Another common approach with BASIC was semi-compiled where statements would be compiled on the fly as they were encountered and a cache kept of compiled statements - the first target when memory runs short of course. The earliest of these caused some consternation as they performed unreasonably well on benchmarks which were mostly short loops and were thus fully compiled after the first iteration.

Steve O'Hara-Smith | Directable Mirror Arrays C:\>WIN | A better way to focus the sun The computer obeys and wins. | licences available see You lose and Bill collects. | http://www.sohara.org/

Vote

M

Martin Gregorie 8 years ago

Thats exactly why it may be a good idea to bear the edit requirements in mind when designing the language.
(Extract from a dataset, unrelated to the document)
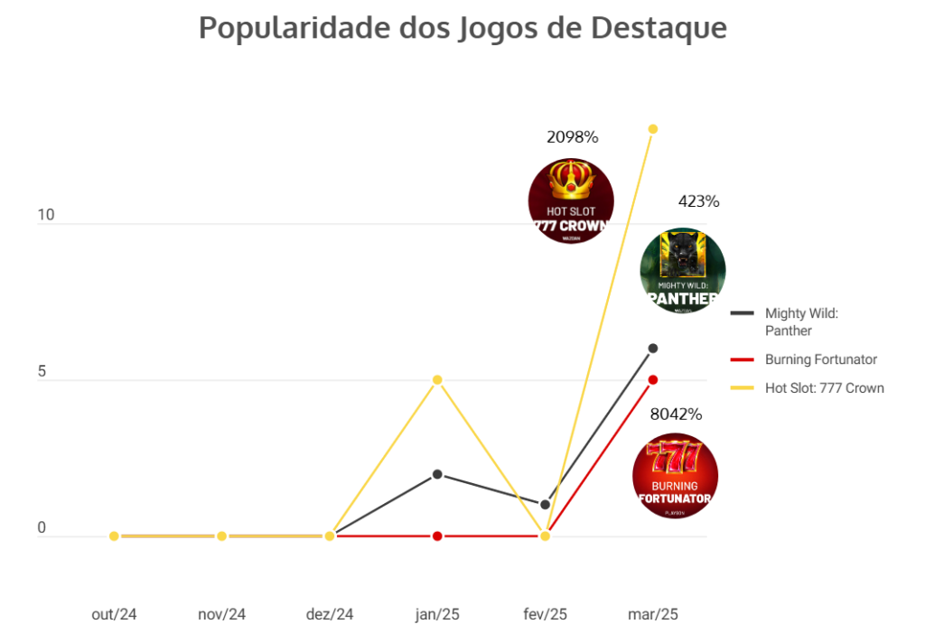 - Burning Fortunator, da Playson, foi o grande destaque do mês: saiu da 615ª posição em fevereiro direto para o 20º lugar — uma ascensão de 595 posições que chamou a atenção.

For instance a design using line numbers and single line statements should be fairly bulletproof even for incremental compilation, especially if line numbers automatically control statement sequence (unlike some BASICS!) and each statement corresponds to a chunk of position- independent code thats independent of the code in adjacent statements, but a block-structured language probably can't be made to work that way. As others have said, if this is the way you'd want to language to work, it suggests quite strongly that automatic variable creation combined with BASIC or Perl-like variable type annotation would be useful.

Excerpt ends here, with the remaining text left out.